Definisi dan Bentuk Korupsi dalam Bencana
Korupsi didefinisikan sebagai penyalahgunaan kekuasaan untuk keuntungan pribadi, yang dapat terjadi dalam berbagai bentuk:
- Grand Corruption: Korupsi skala besar, seperti penggelapan dana rekonstruksi.
- Petty Corruption: Sogokan kecil untuk mempercepat akses bantuan.
- Political Corruption: Kebijakan yang menguntungkan elite, seperti pembangunan infrastruktur tanpa standar keamanan.
Contoh nyata terlihat di Taiwan (2016), di mana gempa bumi mengungkap bangunan yang dibangun dengan material substandar (kaleng minyak bekas) akibat korupsi, menyebabkan 105 kematian (Zaldivar et al., 2016).

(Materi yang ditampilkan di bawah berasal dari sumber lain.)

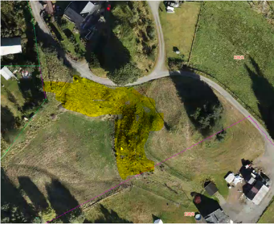
Figur 3 Areal farga med gult står som skog i kartet. Bør sjekka om det fyller krav til innmarksbeite og eventuelt endra AR 5

Dampak Korupsi pada Manajemen Bencana
1. Melemahkan Standar Konstruksi
Korupsi dalam industri konstruksi sering kali mengabaikan kode bangunan anti-bencana. Studi oleh Ambraseys dan Bilham (2011) menunjukkan bahwa negara dengan tingkat korupsi tinggi memiliki lebih banyak korban jiwa akibat gempa, karena bangunan mudah runtuh.
Studi Kasus:
- Gempa Italia (1980): Mafia Camorra menguasai proyek rekonstruksi, menggunakan pasir laut berkadar garam tinggi yang merusak struktur beton (Saviano, 2006).
- Rana Plaza, Bangladesh (2013): Runtuhnya pabrik garmen menewaskan 1.134 orang akibat tekanan korporasi multinasional untuk memotong biaya (Ansary & Barua, 2015).
2. Penyaluran Bantuan yang Tidak Efektif
Bantuan kemanusiaan sering disalahgunakan atau tidak tepat sasaran:
- Haiti (2010): Hanya 0,38% dana bantuan internasional yang sampai ke pemerintah lokal, sementara sebagian besar dikembalikan ke negara donor (Farmer, 2012).
- Myanmar (Cyclone Nargis, 2008): Junta militer membatasi akses bantuan dan menggunakan dana untuk kepentingan politik (McLachlan-Bent & Langmore, 2011).
3. Eksploitasi oleh Kejahatan Terorganisir
Mafia memanfaatkan kekacauan pascabencana untuk:
- Pasar gelap: Menjual barang bantuan dengan harga tinggi.
- Trafficking: Eksploitasi manusia dan narkoba, seperti di Iran pascagempa Bam (2003), di mana 50% pria dan 25% wanita menjadi pecandu heroin (Tait, 2006).
Solusi: Transparansi dan Hak Asasi Manusia
Untuk memerangi korupsi, penulis menyarankan:
1. Transparansi Anggaran: Audit publik terhadap dana bencana.
2. Partisipasi Masyarakat: Melibatkan korban dalam perencanaan rekonstruksi.
3. Penegakan Hukum: Sanksi berat untuk pelanggar standar konstruksi.
Contoh Sukses:
- Chile (2010): Sistem pembangunan tahan gempa yang ketat mengurangi korban jiwa meski gempa berkekuatan 8,8 SR.
Kritik dan Relevansi Kontemporer
- Keterbatasan Indeks Korupsi: Transparency International dinilai bias karena mengabaikan korupsi legal (seperti lobi) di negara maju (De Maria, 2008).
- Disaster Capitalism: Naomi Klein (2008) mengkritik eksploitasi bencana untuk keuntungan korporasi, seperti privatisasi layanan publik pascatsunami Aceh.
Kesimpulan
Korupsi bukan hanya merugikan ekonomi, tetapi juga memperdalam kerentanan bencana. Solusinya terletak pada akuntabilitas, transparansi, dan pemberdayaan masyarakat. Tanpa perubahan sistemik, siklus bencana dan korupsi akan terus berulang.
Sumber : Alexander, D. (2017). Corruption and the Governance of Disaster Risk. Oxford Research Encyclopedia of Natural Hazard Science. DOI: 10.1093/acrefore/9780199389407.013.253.